Work to complete
Write out word for word each line from the top of the material through the line that has "比武前,由消防教官对操作技巧". Pictures do not go in.

Material provided
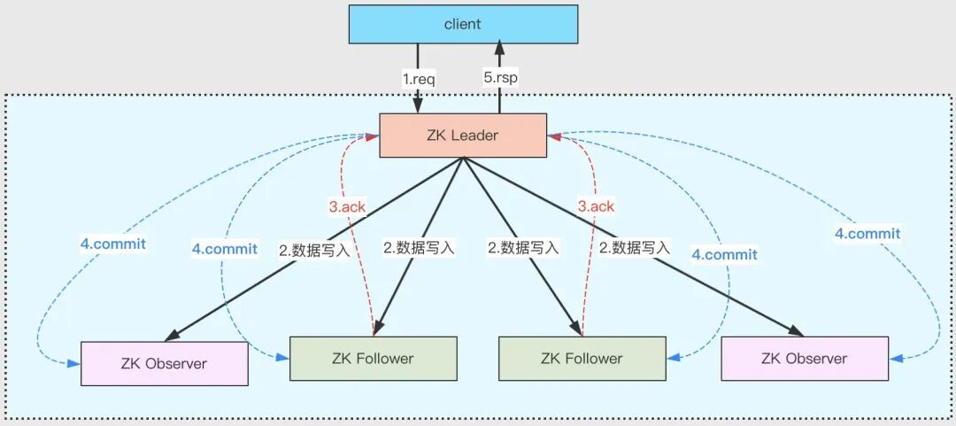 ZK 专门设计了 ZAB 协议(Zookeeper Atomic Broadcast)来保证主从节点数据的一致性。下面分别从 client 向 Leader 和 Follower 写数据场景展开陈述。
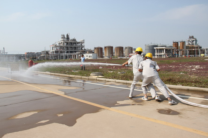 比武前,由消防教官对操作技巧、要领、安全注意事项进行了说明,各参赛队3人一组依次进行比赛,发令后,接水袋、连水枪、开消火栓、冲向目标、击中火源点,动作连贯无差错的情况下比速度,最后黄化制钙代表队以15.07秒的优异成绩获得一等奖,金桥制盐代表队、神特新材料代表队获得二等奖,供电公司代表队、氨纶公司代表队和台北投资公司代表队获得三等奖。
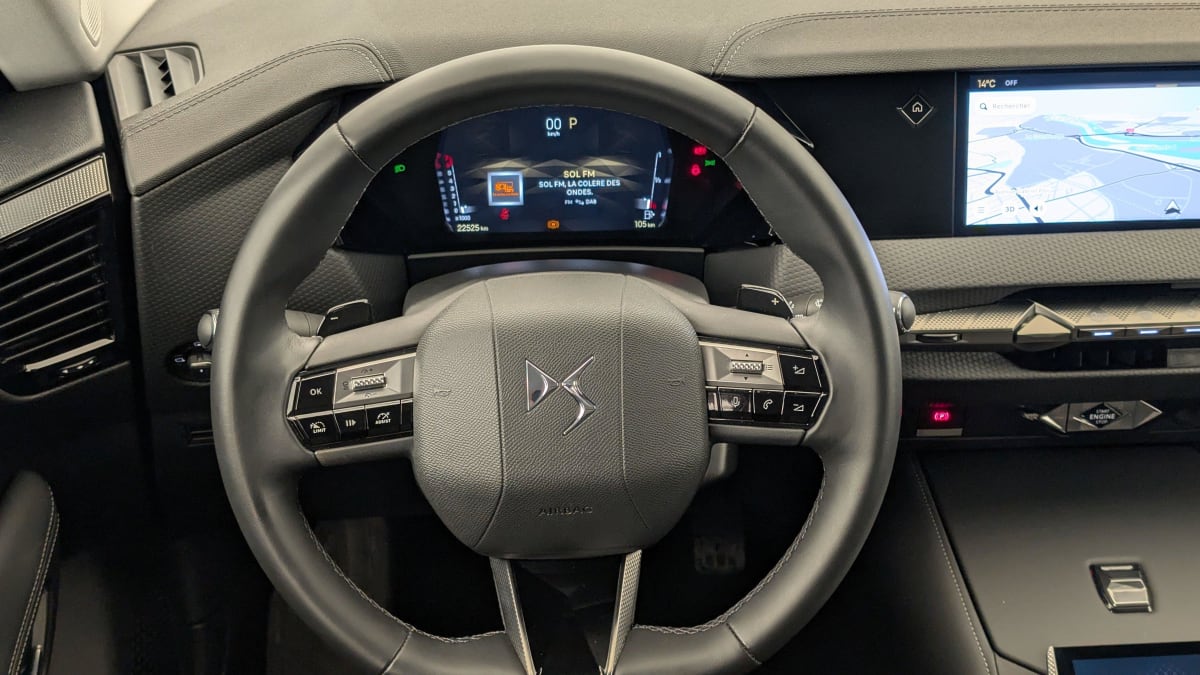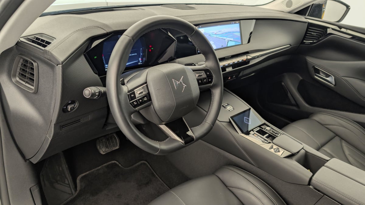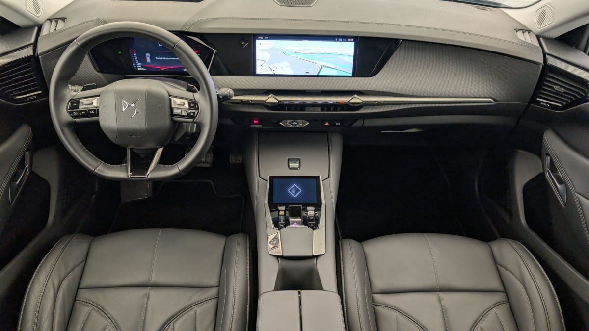 - Intérieur Cuir grainé Noir Basalte et Toile DS : Ciel de pavillon clair Décors de panneaux de porte Chrome guilloché Volant en cuir fleur Mistral Console centrale en Toile DS Mistral Planche de bord en toile DS Noir Basalte façon écaille Panneaux de portes en toile DS Noir Basalte façon écaille Sellerie en Cuir grainé Noir Basalte et Toile DS
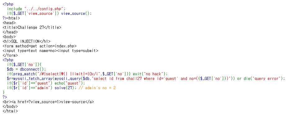 select id from chall27 where id='guest' and no=({$_GET['no']})

Finished exercise
 ZK 专门设计了 ZAB 协议(Zookeeper Atomic Broadcast)来保证主从节点数据的一致性。下面分别从 client 向 Leader 和 Follower 写数据场景展开陈述。
 比武前,由消防教官对操作技巧、要领、安全注意事项进行了说明,各参赛队3人一组依次进行比赛,发令后,接水袋、连水枪、开消火栓、冲向目标、击中火源点,动作连贯无差错的情况下比速度,最后黄化制钙代表队以15.07秒的优异成绩获得一等奖,金桥制盐代表队、神特新材料代表队获得二等奖,供电公司代表队、氨纶公司代表队和台北投资公司代表队获得三等奖。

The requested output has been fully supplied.